CCS could triple the price of coal for electricity, making it much more expensive than renewable energy. Storage sites would have to be maintained and monitored for 100,000 years, plus unquantified liability issues of leaking C02.

She said "Coal companies should not be allowed to continue to make mega profits at the expense of jobs and the environment. For years coal companies have received direct and indirect subsidises from successive Labor and Coalition governments. Now is the time to put that support behind a plan for a transition program to clean efficient energy".

Carbon Leakage and Geosequestration

Scientists conclude that human activities are contributing to climate change by adding large amounts of greenhouse pollution to the atmosphere. Use of coal, oil and gas (fossil fuels) are the main source of this pollution. Every time we drive a car, use electricity from coal-fired power plants, or heat our homes with oil or natural gas, we release carbon dioxide and greenhouse pollutants into the air.

Atmospheric levels of the main greenhouse pollutants are currently higher than at any point in the last 420,000 and possibly 20 million years. [SOURCE]

Within this context governments in Australia and overseas have been discussing “geosequestration” – the controversial plan to capture and dispose of greenhouse pollution underground – as a technology to reduce greenhouse gas emissions.

Of paramount importance for geosequestration is the issue of whether greenhouse pollution disposed of underground is permanently stored. Clearly, if sequestered greenhouse pollution in the form of carbon dioxide (CO2) leaks back into the atmosphere, then geosequestration will have failed as a technology to reduce greenhouse pollution.

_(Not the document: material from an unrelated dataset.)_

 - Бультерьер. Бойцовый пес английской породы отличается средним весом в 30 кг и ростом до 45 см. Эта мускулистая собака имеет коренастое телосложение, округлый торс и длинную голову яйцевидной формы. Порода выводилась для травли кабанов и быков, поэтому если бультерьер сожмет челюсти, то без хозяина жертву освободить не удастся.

Depending on the quantity of CO2 stored, the rate of leakage and the level of stabilisation of CO2 in the atmosphere, the implications of leakage for the global climate system could be catastrophic. In addition, if the leakage is rapid, it can asphyxiate humans and animal life in the vicinity.

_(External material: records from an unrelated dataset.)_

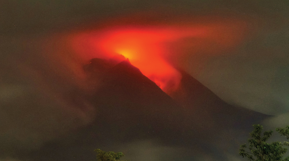 STATUS SIAGA: Lava mengalir dari kawah Merapi kemarin. (AFP)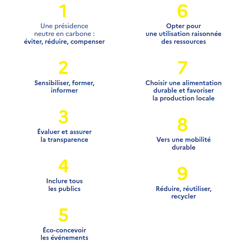 Pour finir de façon plus anecdotique la PFUE2022 met l’accent sur deux thématiques. La PFUE2022 entend assurer la sauvegarde du multilinguisme dans l’UE, fort du rapport de Christian Lequesne qui fera l’objet d’un futur post. La PFUE2022 se pose aussi en modèle en établissant une cadre de référence développement durable pour être neutre en carbone sur la base de neufs engagements.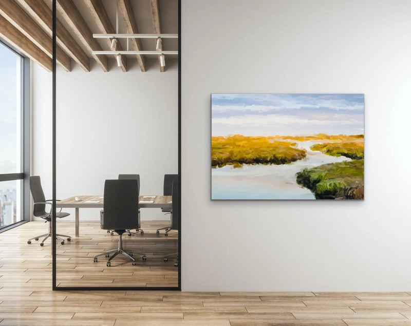This stunning new collection features evocative artworks inspired by sand dunes, marshes, and long Autumn evenings on wind-swept beaches. With natural colour schemes of yellows greens and blues, these pieces are designed to complement a range of interiors.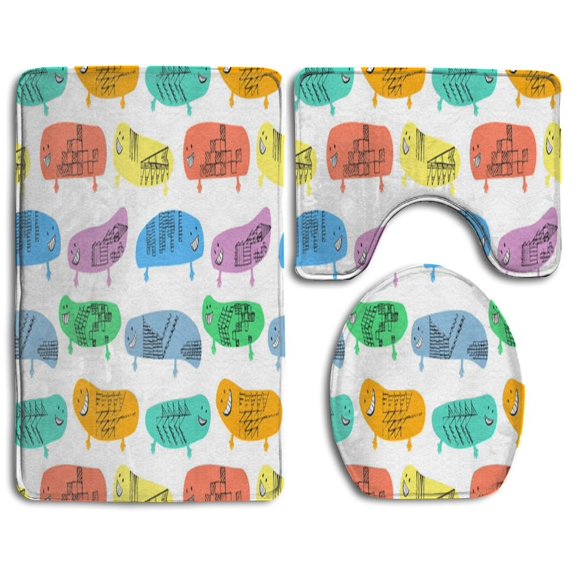 Hero image 0 of PUDMAD Cartoon Bug 3 Piece Bathroom Rugs Set Bath Rug Contour Mat and Toilet Lid Cover, 0 of 2

The greater the reliance on geosequestration to prevent dangerous climate change, the greater the impact will be if leakage does occur.

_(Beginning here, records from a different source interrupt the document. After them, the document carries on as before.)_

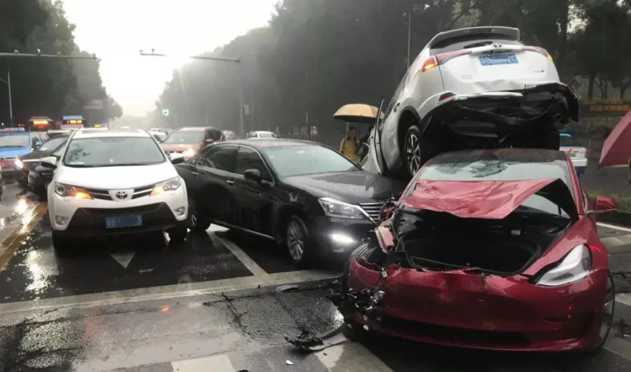 造句:“新手”司机试驾豪车,油门当刹车酿车祸,是个狼人!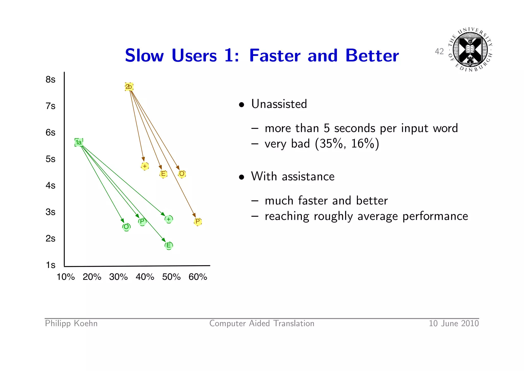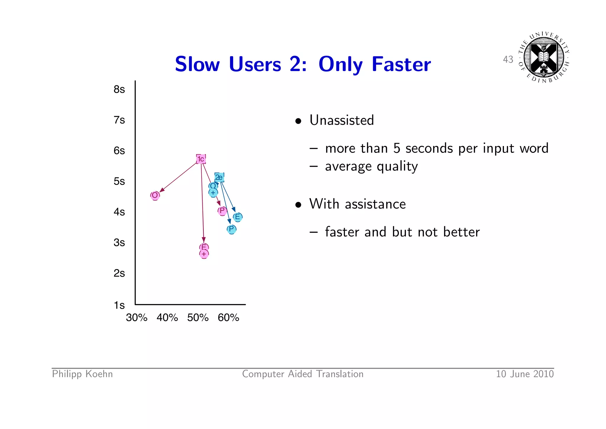 62. 62. 42 Slow Users 1: Faster and Better 8s 2b 7s • Unassisted 6s – more than 5 seconds per input word 1a – very bad (35%, 16%) 5s + E O • With assistance 4s – much faster and better 3s P + P – reaching roughly average performance O 2s E 1s 10% 20% 30% 40% 50% 60% Philipp Koehn Computer Aided Translation 10 June 2010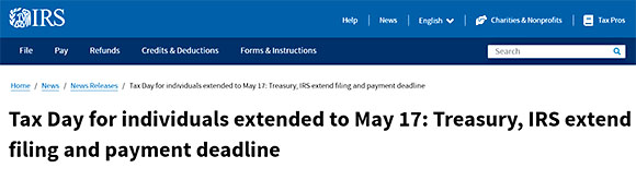 ですが申告を終えた後、IRS(アメリカ国税庁)のWebsiteで、パンデミックの影響による厳しい状況を受け申告期限が5月17日までに延長となっていた事を知りました。

Leakage is Likely to Occur
Studies show that some leakage is likely, because geological formations are not completely stable, or they could be disturbed by, for example, earthquakes, or because the injection points could become unstable over time.

To be effective, any underground storage of CO2 must not be able to leak out at a rate that would exceed levels that would contribute to dangerous levels of climate change. But how small is small enough? That depends on the amount that is stored and to a lesser extent, the level at which we seek to stablise greenhouse gases in the atmosphere. The latter is generally defined as a certain level of carbon dioxide in the atmosphere measured in parts per million volume (ppm). Environment groups consider that atmospheric levels of carbon dioxide should be stablised at 450ppm to avoid dangerous levels of climate change.

What Level of Leakage is Acceptable?
The safest rate of leakage is zero and that should be the goal for every geosequestration site. Researchers vary greatly in their assumptions and conclusions regarding a likely level of leakage. It seems that some leakage is likely and there will be a need to set standards and regulations for acceptable rates of leakage and the monitoring and verification regimes to ensure compliance.

Leakage must not compromise the ability of future generations to avoid dangerous climate change.

By the end of the 22nd century the entire ‘carbon budget’ of future generations
would be consumed by leakage from geosequestration sites. This would mean that future generations could not avoid dangerous climate change, even if they reduced their own greenhouse gas emissions to zero.


The assumption of exclusive reliance on storage may be an extreme one, however the example illustrates that emphasis on energy efficiency and increased reliance on renewable energy must be priority areas for greenhouse gas mitigation. The higher the expected leakage rate and the larger the uncertainty, the less attractive geosequestration is compared to other mitigation alternatives such as shifting to renewable energy sources, and improved efficiency in production and consumption of energy.